## [What you have to do]
Any picture in the data below should be skipped, while every line is repeated exactly.

::: Data

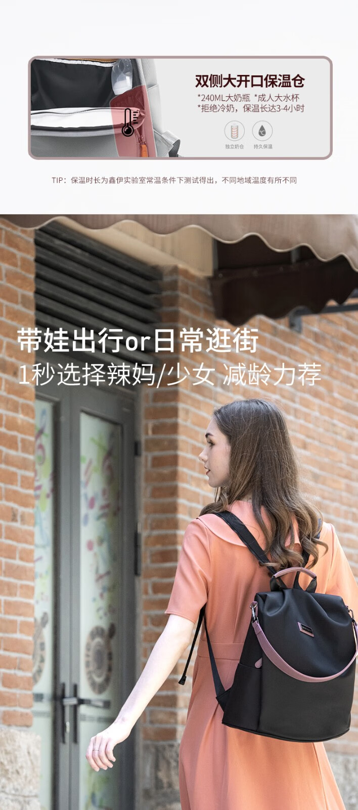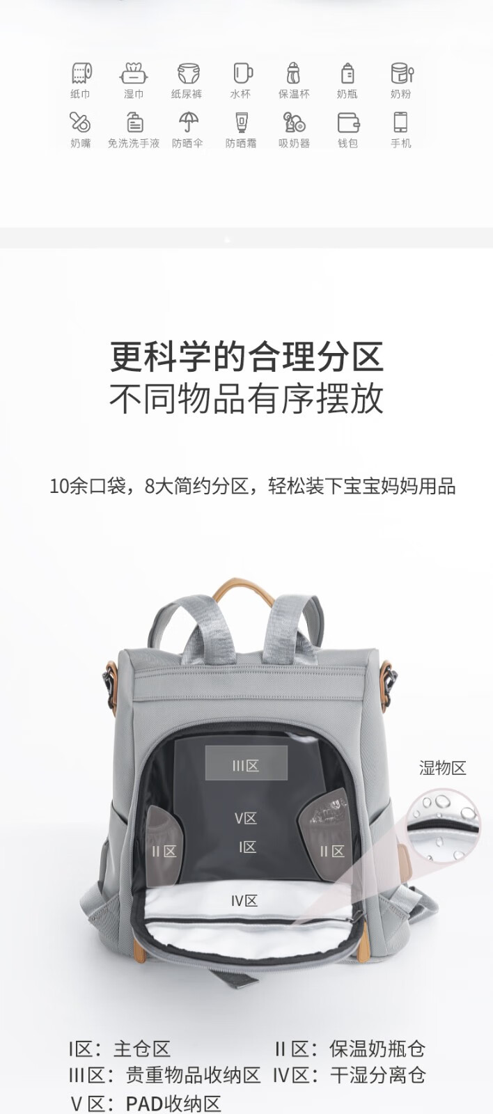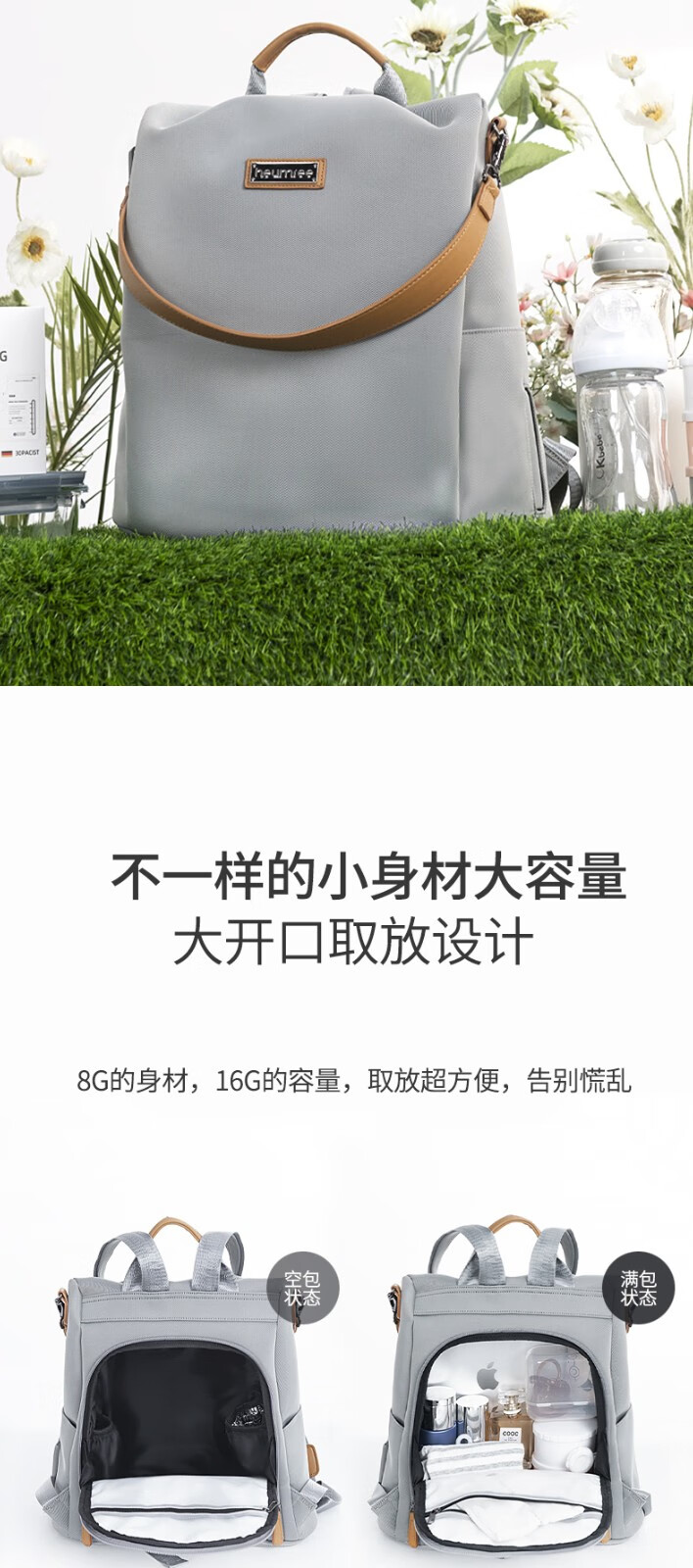 鑫伊妈咪包双肩多功能大容量保温母婴包手提包双肩包宝宝外出行妈妈包 棕榈灰(18L全新升级款)
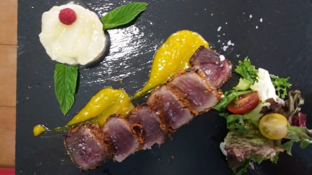 Atún rojo bañado en crema de almendras
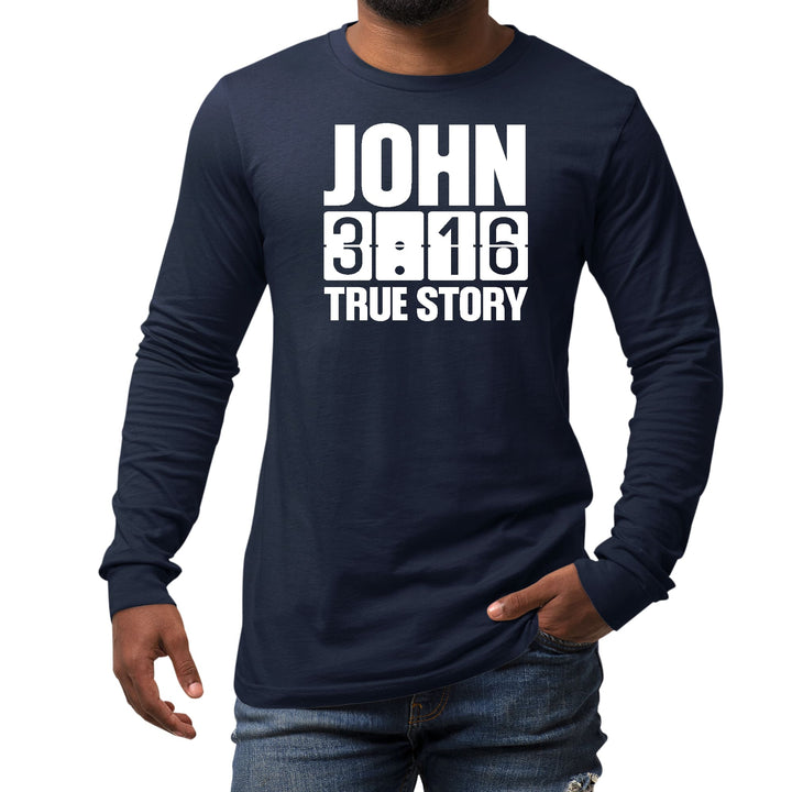 Mens Long Sleeve Graphic T-Shirt, John 3:16 True Story Print. Discover the versatility and style of this moisture wicking performance T-shirt. This unisex long sleeve t-shirt is designed to be a go-to choice in all seasons, whether it's the perfect fall shirt, a stylish option for spring, or a cozy companion in winter. Crafted from breathable fabric, it combines comfort and fashion effortlessly.
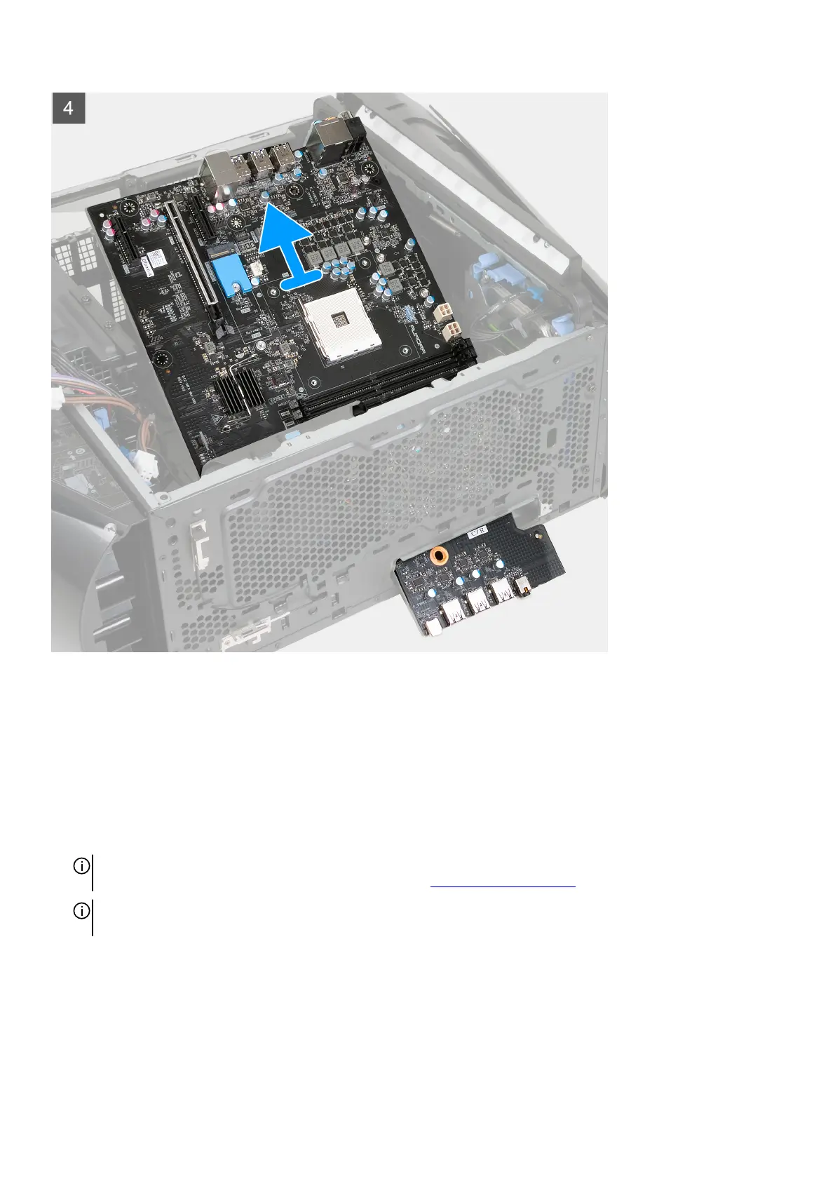 11. Hold the edge of the system board where the front I/O-ports are located.

::::::

## [Final answer]
 鑫伊妈咪包双肩多功能大容量保温母婴包手提包双肩包宝宝外出行妈妈包 棕榈灰(18L全新升级款)
 Atún rojo bañado en crema de almendras
 Mens Long Sleeve Graphic T-Shirt, John 3:16 True Story Print. Discover the versatility and style of this moisture wicking performance T-shirt. This unisex long sleeve t-shirt is designed to be a go-to choice in all seasons, whether it's the perfect fall shirt, a stylish option for spring, or a cozy companion in winter. Crafted from breathable fabric, it combines comfort and fashion effortlessly.
 11. Hold the edge of the system board where the front I/O-ports are located.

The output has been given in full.